Despite my dismay around the dystopian takeover of science fiction and the loss of hope, optimism and fascination that buoyed my Ray Bradbury childhood, I set my petty whining aside to tell you that Octavia Butler’s “Parable of the Sower” is a stunner. It’s a terrifying vision of a dismal future brought on by the willful ignorance, racism and greed of human beings, and an eerily dangerous parallel to our present path. Ms. Butler gives us a satisfying protagonist in the hypersensitive teenager Lauren, whose courage and wits are an infinite source of inspiration. Paulette Jiles’s “News of the World” is the only book I’ve read that caused me to yell out loud in the solitude of my bedroom. Young Johanna, displaced by the wildly shifting world around her, shows courage and spiritual depth beyond her years and filled my heart with purpose. It’s a history book and the most profound love story between Johanna and an elderly man named Capt. Kidd. Toni Morrison’s “Sula,” the first book I read together with my then-fiancée in our two-person book club, is an absolute epic. Love and yearning, pathos and racism, a deep friendship connection forged in secret trauma, it was the last Morrison book I read before her passing and must be held in the highest esteem.

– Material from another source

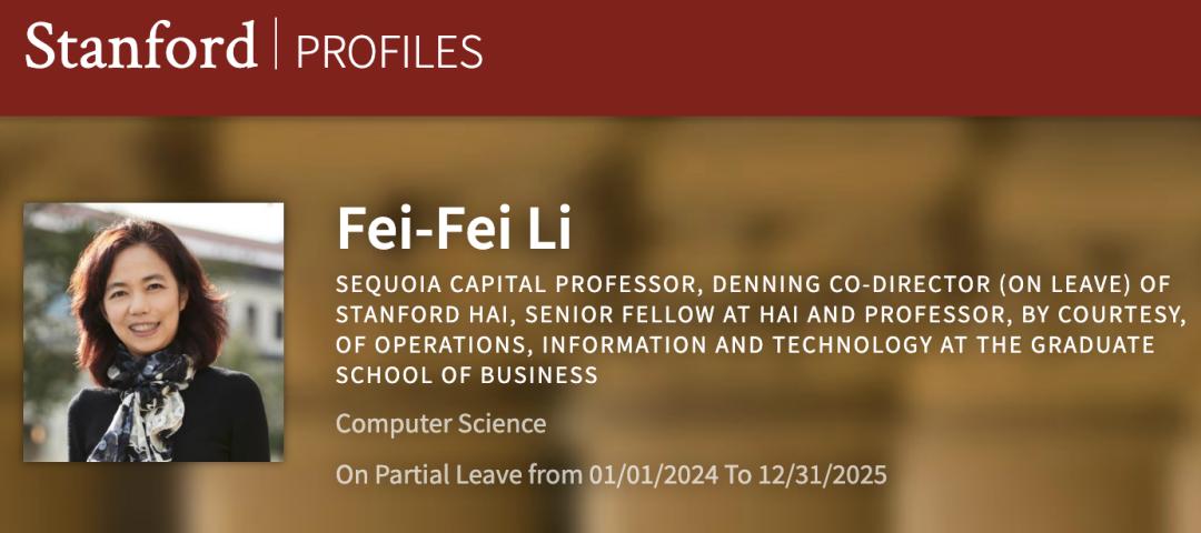 李飞飞在斯坦福大学的休假期间创立了World Labs,她在斯坦福大学人类中心人工智能研究院(Human-Centered AI Institute)担任联合主任。

— Flea plays bass for the Red Hot Chili Peppers and is the author of “Acid for the Children.”

Twyla Tharp

Three books recently gave me hope that consensus can be reached in our radically divided culture, emphasizing the optimism and courage to be had when we debate our differences. John Sexton’s “Standing for Reason” demonstrates the commitment needed from adults to support the development of knowledgeable and inquisitive young thinkers. Mr. Sexton, a former president of New York University, insists on the power of logic in dialogue to weld the silos of a large urban university into one force. It can be done. In “A Month in Siena,” Hisham Matar’s study of paintings found in this Italian city help transform the brutal loss of his father into a rebirth of faith. The iconography of three Sienese painters gives Mr. Matar his metaphor. In the first half of the 14th century, Ambrogio Lorenzetti portrayed a democratic Siena ruled through individual civic responsibility. In the latter half of that century, following the Plague, Bartolo Battiloro showed Siena’s community spirit deteriorating; its collective guilt and terror made the city susceptible to a hegemonic ruler. Then a century after the plague, Giovanni di Paolo represented individuals once again capable of communicating directly, without intermediaries, in a work appropriately titled “Paradise.” Józef Czapski’s “Lost Time: Lectures on Proust in a Soviet Prison Camp” is just that. Czapski, a Polish officer, was captured during World War II and taken to a Russian hard-labor camp. At the end of each harsh day, the prisoners maintained their sanity by giving one another lectures on the subjects they knew best. As there were no written documents allowed, these recitations were entirely from memory. Czapski’s almost literal recall of Proust’s “In Search of Lost Time” is incredible in its detail; yet even more impressive is his insistence that we can maintain humanity through communication with one another. May we all so triumph in the New Year.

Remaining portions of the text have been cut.